Zibby: Now as a publisher, I’m super interested in this too, so I’m going to just keep going. What did you do differently and better yourself?

Anna: I would say traditional publishing is a little slow to accept how things evolve and not in the trenches. Every day, something changes about the best way to do it. I’m so obsessed with it. I’m actively in there. What actually helps your searchability on Amazon? What is the most effective way to get in bookstores? All of these things. I know you know the stories about people who are traditionally published and are very disappointed by what they feel is a lack of support. That is something that is common among anyone I know who’s not a massively best-selling author. Most of us are not massively best-selling authors. My friend Jennifer Armstrong talks about it — she did have a book hit The New York Times list. She described it as, the publisher’s like, “We’re doing all of these things,” and then this inner sanctum opens up when you actually hit The New York Times list. You’re like, okay, now I’m having the real meetings where they’re really behind me. It’s not that publishers are terrible people or don’t want to encourage people. It’s a business. They’ve got to put their resources behind those things they know are hits. The problem is, it’s creative, so we all get our hopes up and think it’s going to be different for us. We’re going to get all that support. Publishers have limited resources, right?

Zibby: Yeah. Wait, go back because I feel like we’re lacking the context for all of this.
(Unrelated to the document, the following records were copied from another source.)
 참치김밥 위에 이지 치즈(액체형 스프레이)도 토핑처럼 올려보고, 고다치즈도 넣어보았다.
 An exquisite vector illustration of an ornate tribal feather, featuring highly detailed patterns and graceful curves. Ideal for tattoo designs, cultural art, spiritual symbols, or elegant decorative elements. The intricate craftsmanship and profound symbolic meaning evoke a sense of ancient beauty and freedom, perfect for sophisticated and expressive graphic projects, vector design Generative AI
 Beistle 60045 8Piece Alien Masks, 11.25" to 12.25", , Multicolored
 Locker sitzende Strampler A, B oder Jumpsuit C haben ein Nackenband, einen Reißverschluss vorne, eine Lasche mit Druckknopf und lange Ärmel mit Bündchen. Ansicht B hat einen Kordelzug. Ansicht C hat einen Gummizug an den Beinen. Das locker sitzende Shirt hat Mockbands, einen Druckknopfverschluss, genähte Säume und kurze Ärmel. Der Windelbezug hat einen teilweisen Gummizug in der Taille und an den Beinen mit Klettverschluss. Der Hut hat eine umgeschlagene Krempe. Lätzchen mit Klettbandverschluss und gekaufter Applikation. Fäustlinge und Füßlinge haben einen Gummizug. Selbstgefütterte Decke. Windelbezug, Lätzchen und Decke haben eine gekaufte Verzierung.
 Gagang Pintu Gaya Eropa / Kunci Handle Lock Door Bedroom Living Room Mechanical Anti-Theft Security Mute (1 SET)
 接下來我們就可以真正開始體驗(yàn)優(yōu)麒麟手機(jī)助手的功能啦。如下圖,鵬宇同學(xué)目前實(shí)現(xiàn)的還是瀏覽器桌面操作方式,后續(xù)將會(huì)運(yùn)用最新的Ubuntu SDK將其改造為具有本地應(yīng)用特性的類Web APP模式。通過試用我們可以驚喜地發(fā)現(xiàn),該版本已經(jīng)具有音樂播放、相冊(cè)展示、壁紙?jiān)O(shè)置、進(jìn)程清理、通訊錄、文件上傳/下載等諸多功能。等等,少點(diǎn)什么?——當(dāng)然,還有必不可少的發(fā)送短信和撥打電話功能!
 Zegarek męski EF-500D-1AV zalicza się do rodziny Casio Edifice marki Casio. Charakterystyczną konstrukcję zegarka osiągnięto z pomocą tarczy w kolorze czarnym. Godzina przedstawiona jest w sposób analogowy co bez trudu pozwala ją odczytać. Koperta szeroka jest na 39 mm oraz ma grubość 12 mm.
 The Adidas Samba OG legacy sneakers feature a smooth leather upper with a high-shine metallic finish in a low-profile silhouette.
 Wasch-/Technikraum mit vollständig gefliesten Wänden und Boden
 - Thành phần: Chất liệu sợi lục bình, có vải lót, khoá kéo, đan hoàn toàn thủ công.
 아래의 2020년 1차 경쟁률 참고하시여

You’ve written many books and done such cool stuff. Go back to the beginning for a minute. Where did you grow up? How did we get here? Give me the whole background on you.

Anna: I’m from Marin County in Northern California. I went to college and I majored in literary writing, they called it. I did it because I was kind of a screwup and it sounded really easy. There were no exams. Also, writing is all I ever knew how to do well, or that’s how I felt. I loved writing fiction. I loved reading. People kind of explained to me that there was no real career in this, but I didn’t really listen. Back then, this was the nineties, so you could absolutely make a great living writing for magazines. I just dove into that. I worked at a bunch of magazines, first in New York, then in San Francisco, then in LA. They were entertainment magazines. It was People and Premiere and Us Weekly. Basically, what happened is, I was sitting in someone’s office. He pulled a book off his shelf. He said, “So-and-so wrote this book,” a person I knew. I thought — this is so obnoxious — I’m smarter than her. If she can do this, I can do this. It had never really crossed my mind that my life would be any bigger than doing write-around pieces on J.Lo. That’s what I thought I was going to do. I thought, I could do that. What had happened to me is, after this lifetime of being a party girl, I got sober. I got hired at Premiere magazine to do a column called Party Girl. I was going to premieres and the Oscars and all of these things acting this part of this party girl. I thought, that is a really funny, great concept for a novel.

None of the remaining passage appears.